In the previous notebook each spiral device got a single number: the transmitted power at 1550 nm. Now we aggregate those per-device measurements to the die level and extract the propagation loss. Assembling the right files for each fit group is the step that normally requires either careful filename parsing or a separate lookup table. Here we query by tags and let the grouping happen on the server.

The physical model is straightforward. For a waveguide of length L:

P(L) [dBm] = P0 [dBm] - alpha [dB/cm] * L [cm]

where P0 is the power at zero length (set entirely by the grating coupler insertion loss) and alpha is the propagation loss we want to measure. A linear fit of P_dBm vs. L gives alpha as the magnitude of the slope.

The grouping key is (die, waveguide type, width). We cannot mix widths, because each width has a different loss. We cannot mix waveguide types either (rib and ridge have different etch depths and different loss values). Each group provides six points (one per spiral length, from 0 to 25 mm), which is enough for a reliable linear fit.

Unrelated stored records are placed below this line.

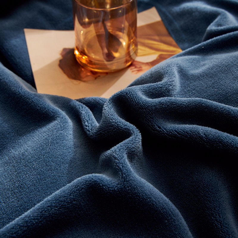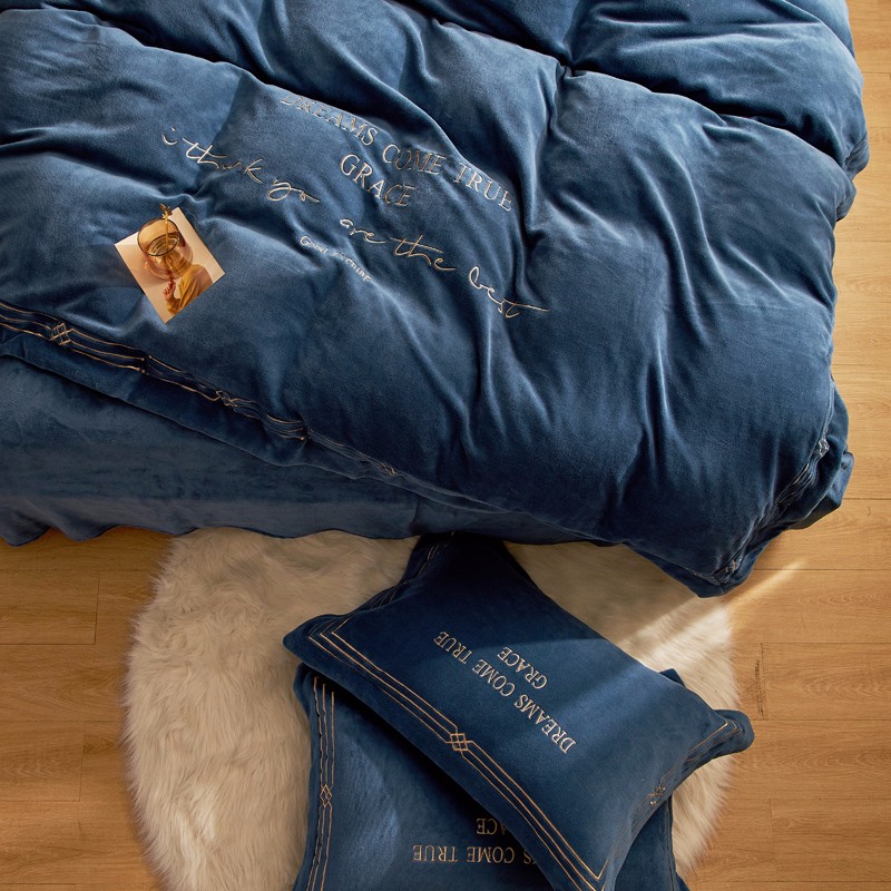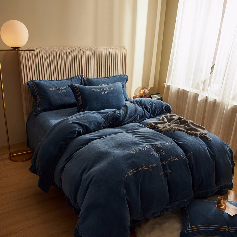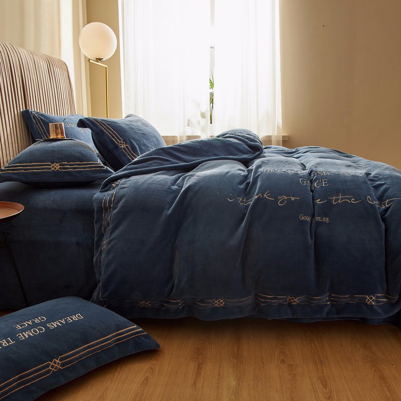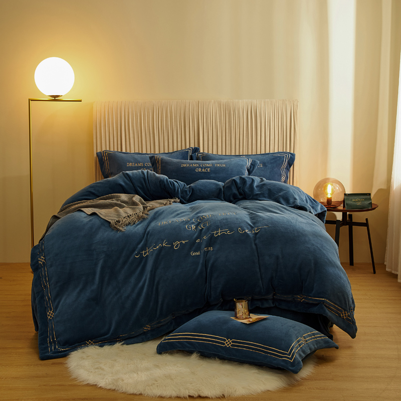 商品名称:米奈 2020新款水晶绒法莱绒牛奶绒绣边罗伊系列四件套 轻奢蓝
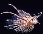 خروس ماهی ولیتان (Volitan Lionfish) که به نام های Common Lionfish و Red Lionfish و Turkeyfish و Butterfly Cod نیز شناخته می شوند . رنگبندی آنها نسبت به سنشان و اینکه به بلوغ رسیده اند یا نه متفاوت است . این گونه به رنگ مشکی و شرابی و سفید و قهوه ای و مشکی و خط های عمودی بر روی بدنشان دیده می شوند . همچنین دارای باله های سینه ای بزرگی هستند که ظاهر آن شبیه به فن است و شباهت بسیاری به خروس ماهی های مایلز دارند با این تفاوت که خروس ماهی های مایلز از اقیانوس هند و دریای سرخ و در شرق تا سوماترا یافت می شود . ماهی های ولیتان از نظر ظاهری یک سری تفاوت های اندک دارند و آن است که این ماهی ها خارهای کمتری روی باله های پشتی و مقعدی خود دارند .
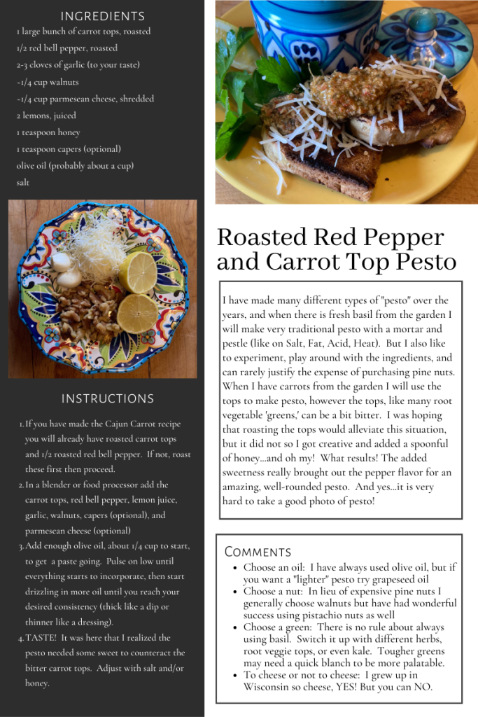 Roasted Red Pepper and Carrot Top Pesto
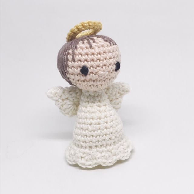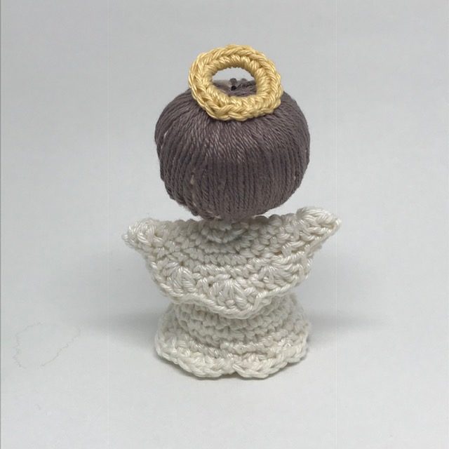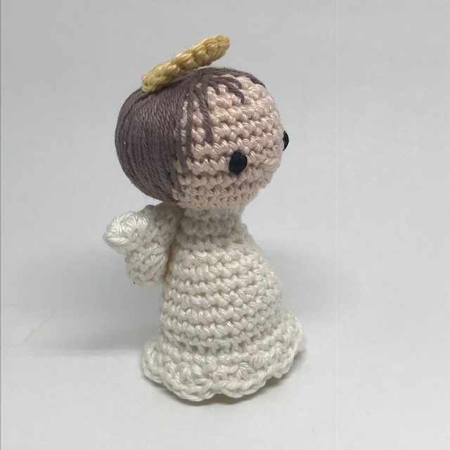 Het engeltje wordt ongeveer 9 cm hoog, gehaakt met haaknaald 2,5
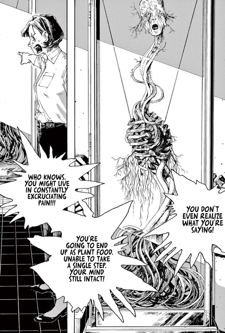 noche tonta introduce el aspecto de terror del manga de inmediato, por lo que aquellos que anhelan el tipo de historia en la que un poderoso medio espiritual ayuda a otros a conectarse con el más allá o exorciza espíritus maliciosos tendrán que esperar. El entorno es bastante deprimente. No hay suficiente aire limpio porque las nubes oscuras cubren perpetuamente el sol, causando que las plantas productoras de oxígeno se marchiten y mueran. Y hay cadáveres extraños que emiten sonidos extraños esparcidos por todas partes. Las plantas crecen de cada grieta imaginable de estos cuerpos destrozados, a veces dejando al descubierto ciertos órganos de manera inquietante. Eso es porque estas pobres almas ya estaban muriendo de alguna otra enfermedad o aflicción y decidieron participar en un procedimiento médico experimental sancionado por el gobierno llamado “transfloración” que los convierte en una planta o árbol llamado flor espiritual. La transfloración les prolonga la vida al menos dos años antes de que se complete el proceso y reciben una gran cantidad de dinero del gobierno ya que, como planta, producen oxígeno que la humanidad necesita desesperadamente.
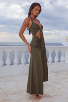 FLORA CUT OUT HALTER MAXI DRESS - OLIVE
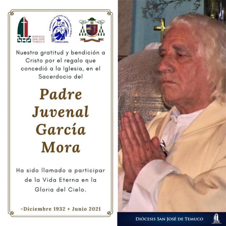 Informamos la partida a la Casa del Padre del querido presbítero JUVENAL GARCÍA MORA, sacerdote que llevó adelante su ministerio sacerdotal con fidelidad y con episodios también dolorosos. Un hombre sencillo, humilde, austero, un extraordinario predicador, un gran confesor, misionero, contaba muchas anécdotas, además, muy recordado por los fieles donde fue párroco.
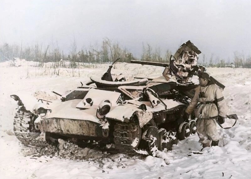 Подбитый и полностью выведенный из строя советский танк английского производства «Валентайн» стал предметом любопытства военнослужащего Вермахта. Немец вооружен трофейным пистолетом-пулеметом ППШ-41. На левой руке у солдата опознавательная повязка свой-чужой. Такие повязки менялись цветами примерно раз в неделю. #история #война #танк
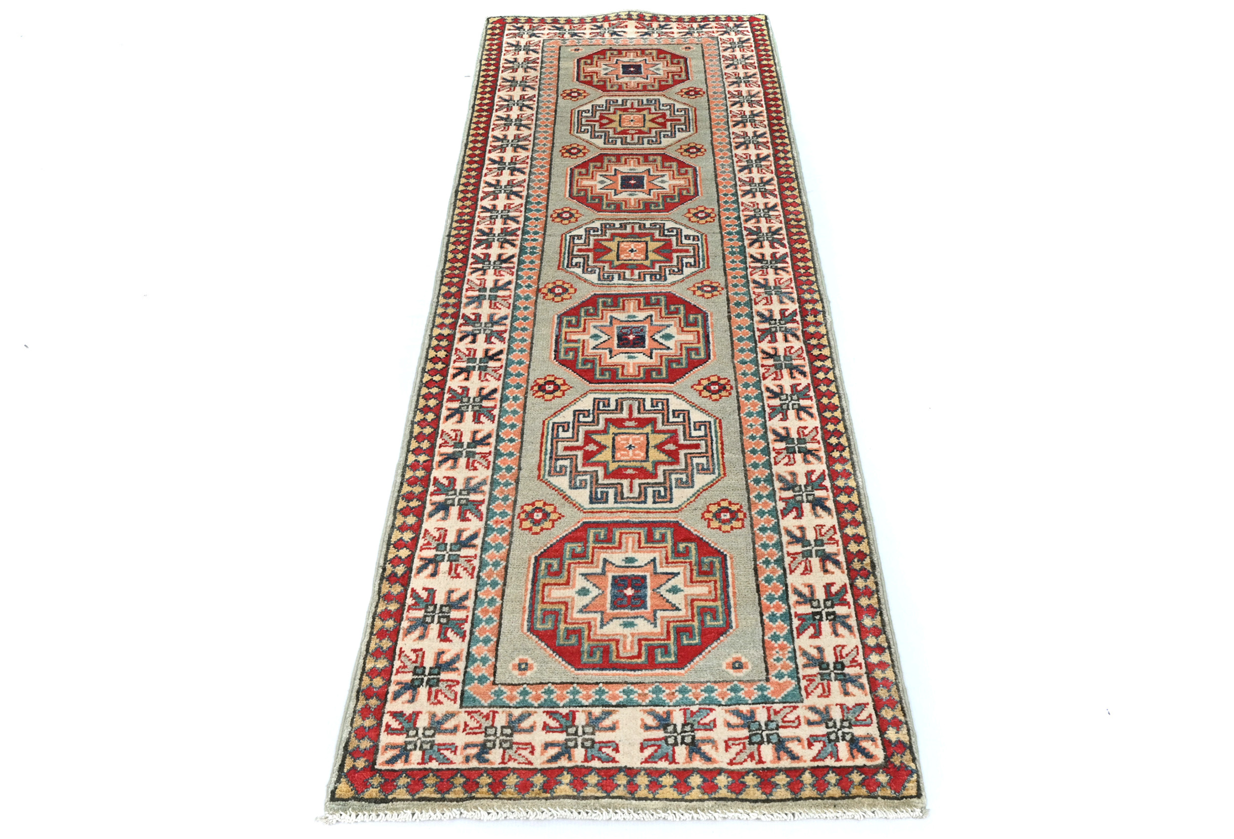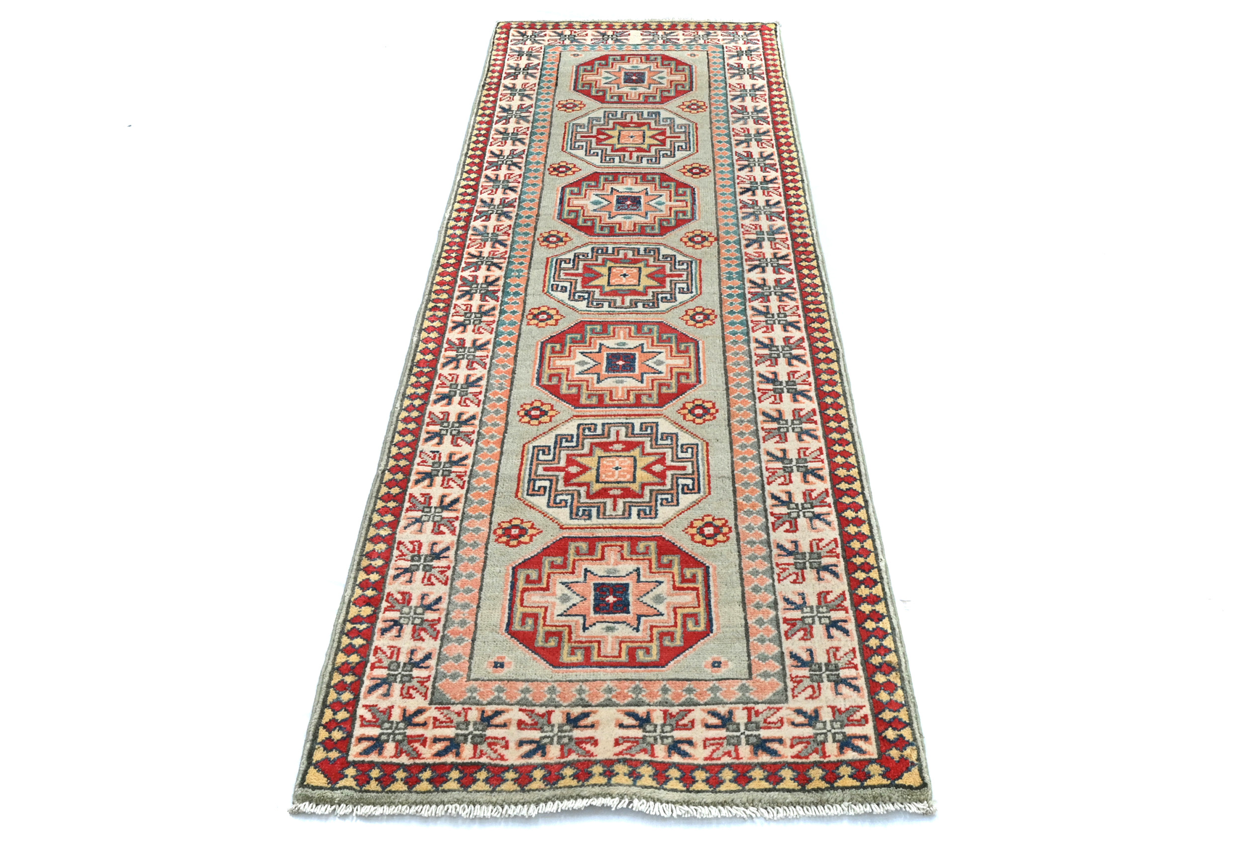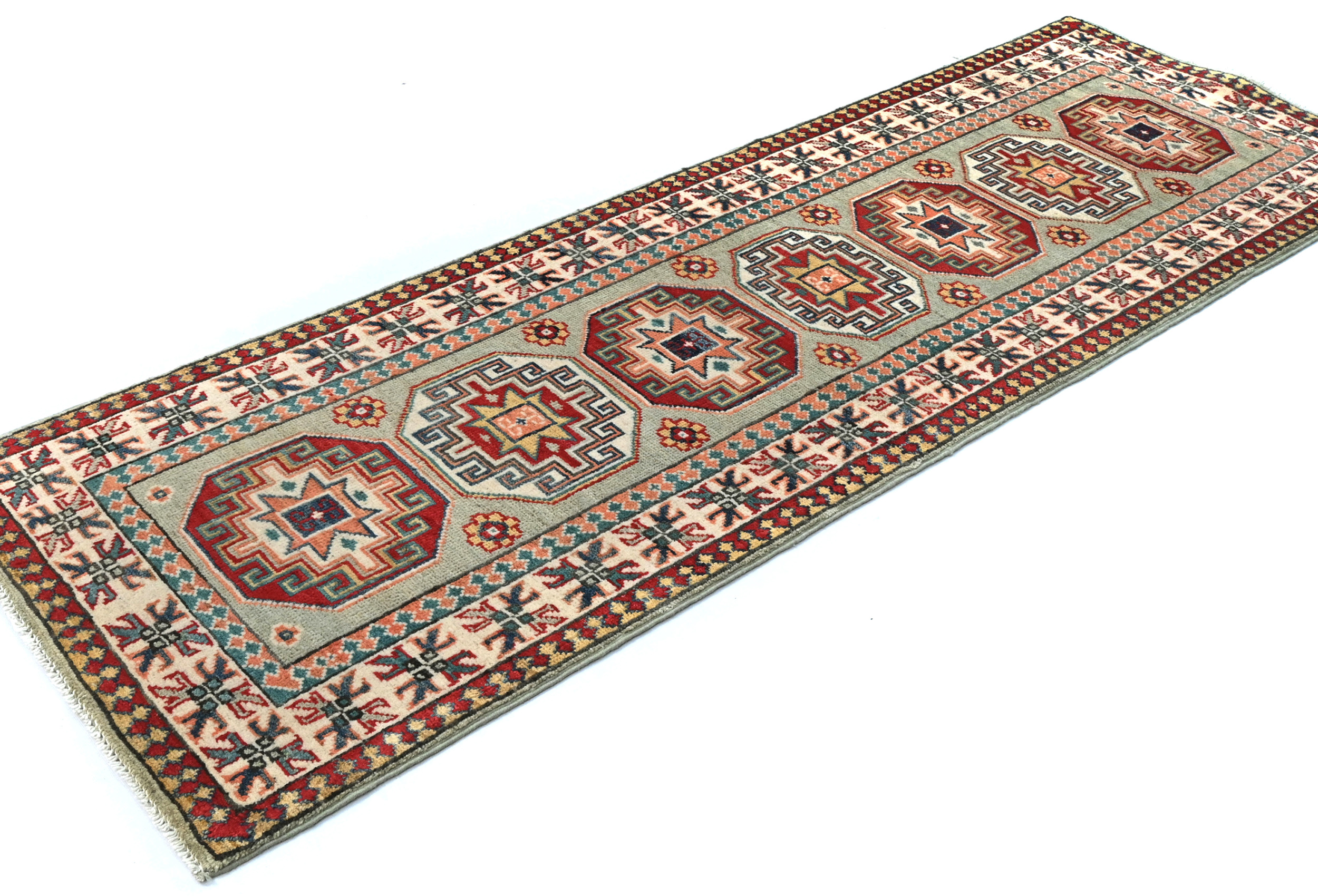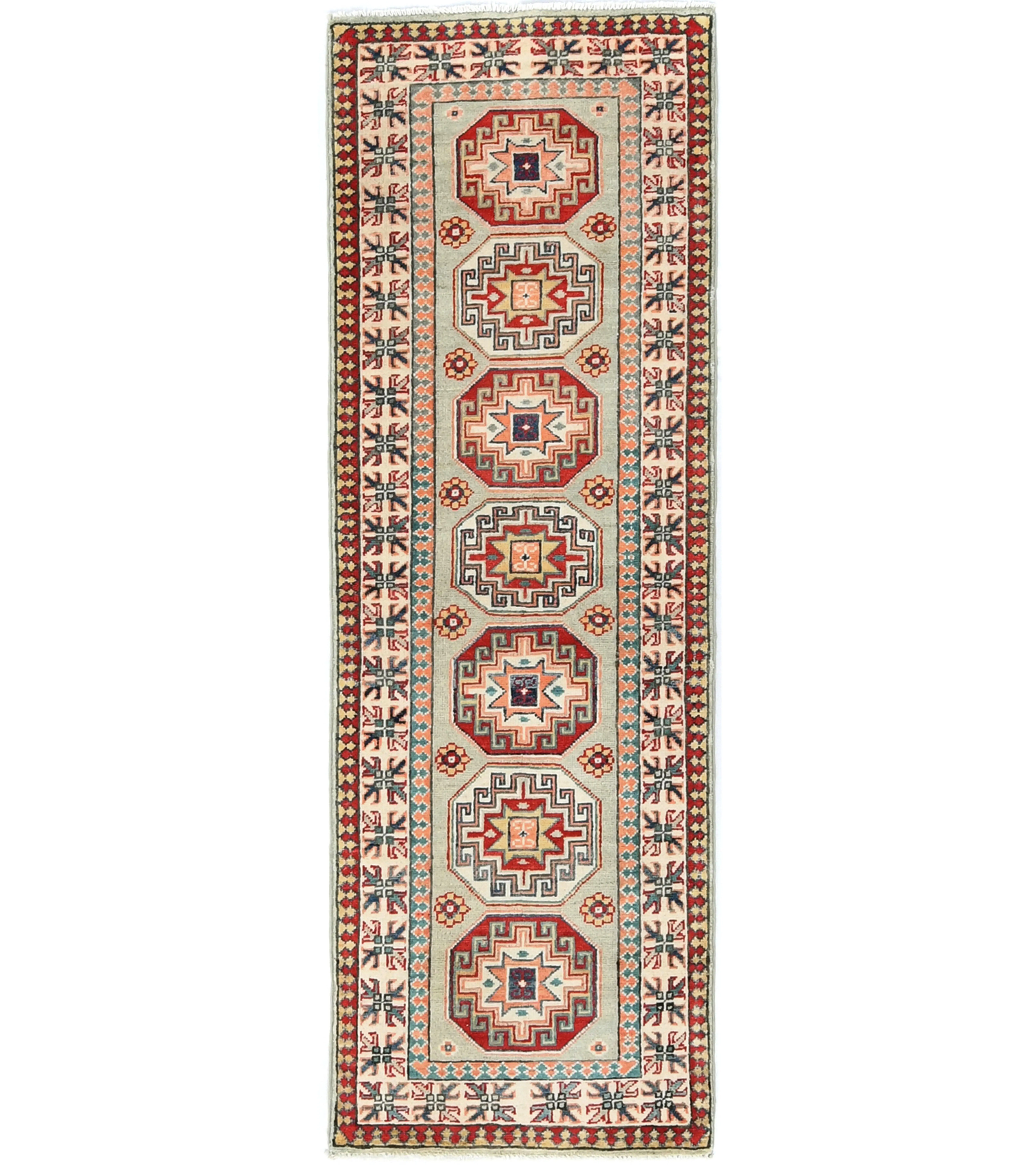 Greige Tribal Geometric 2X6 Kazak Pakistan Oriental Runner Rug
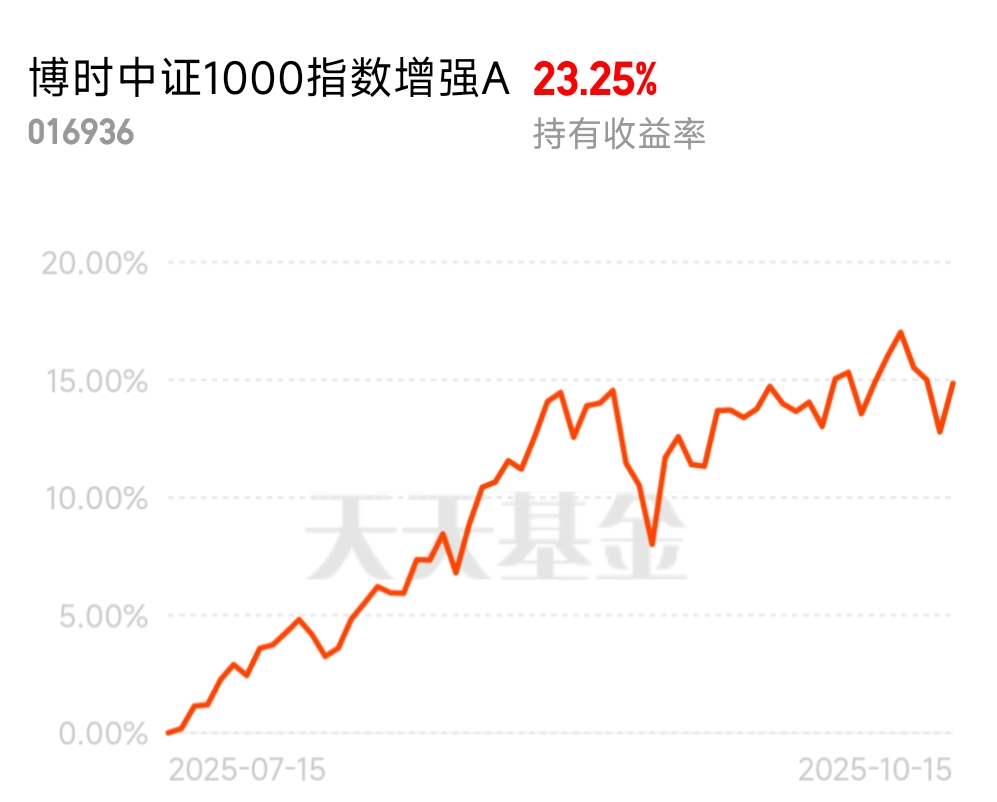 成分股里30%是专精特新企业,业绩增速能到15%,比大盘股的8%高不少,成长力是真的强。$博时中证1000指数增强A$
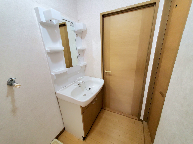 広めのボウルが使いやすい!毎日使う洗面台は細かな物が散乱しがちですが、オープン収納で整理整頓ができ、いつでも片付いた状態をキープできます。
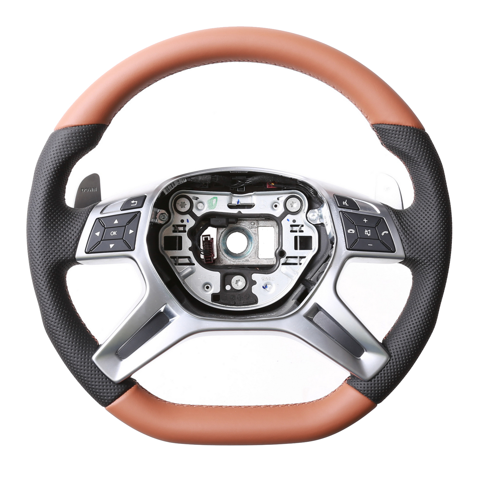 Produktinformationen "Mercedes Lenkrad W204 C Klasse W166 ML X166 W212 W463 Abgeflacht Kombibezug zimt Naht zimt"
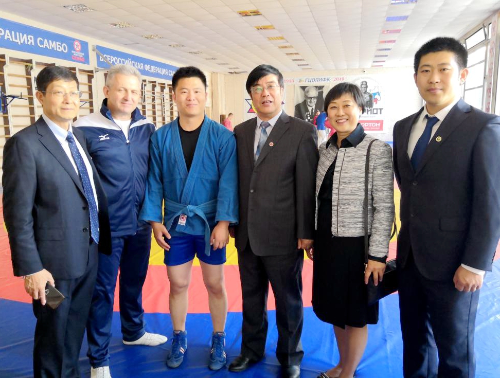 我院代表团访问俄罗斯国立体育、青年与旅游大学并与该校谢尔盖·耶夫盖耶维奇师生合影

The function also extracts the grating coupler insertion loss from the fit intercept at L = 0, which is useful for process monitoring independent of waveguide loss.

Setup

import getpass
import json
import shutil
from pathlib import Path

import gfhub
import matplotlib.pyplot as plt
import numpy as np
from gfhub import nodes
from PIL import Image
from tqdm.auto import tqdm

client = gfhub.Client()
user = getpass.getuser()
print(f"Running as user: {user}")
Running as user: runner

Load sample data

We download the device analysis JSONs for one (die, type, width) group to verify the data before defining the pipeline function.

entries = client.query_files(
    name="*_analysis.json",
    tags=["project:tutorial_spirals", user, "die:0,0", "waveguide_type:rib", "width_nm:500"],
)
tags = [
    [gfhub.tags.into_string(t) for t in entry["tags"].values()]
    for entry in entries
]

sample_dir = Path("sample_die")
shutil.rmtree(sample_dir, ignore_errors=True)
sample_dir.mkdir()

sample_paths = []
for entry in entries:
    dest = sample_dir / f"{entry['id']}.json"
    client.download_file(entry["id"], dest)
    sample_paths.append(dest)

print(f"Downloaded {len(sample_paths)} files for die (0,0), rib, 500 nm")
print("Sample tags:", tags[0])
Downloaded 12 files for die (0,0), rib, 500 nm
Sample tags: ['project:tutorial_spirals', 'wafer:wafer_tutorial', 'die:0,0', 'cell:cutback_rib_assembled_MFalse_W0p5_L0', '.json', 'runner', 'waveguide_type:rib', 'width_nm:500', 'length_um:0']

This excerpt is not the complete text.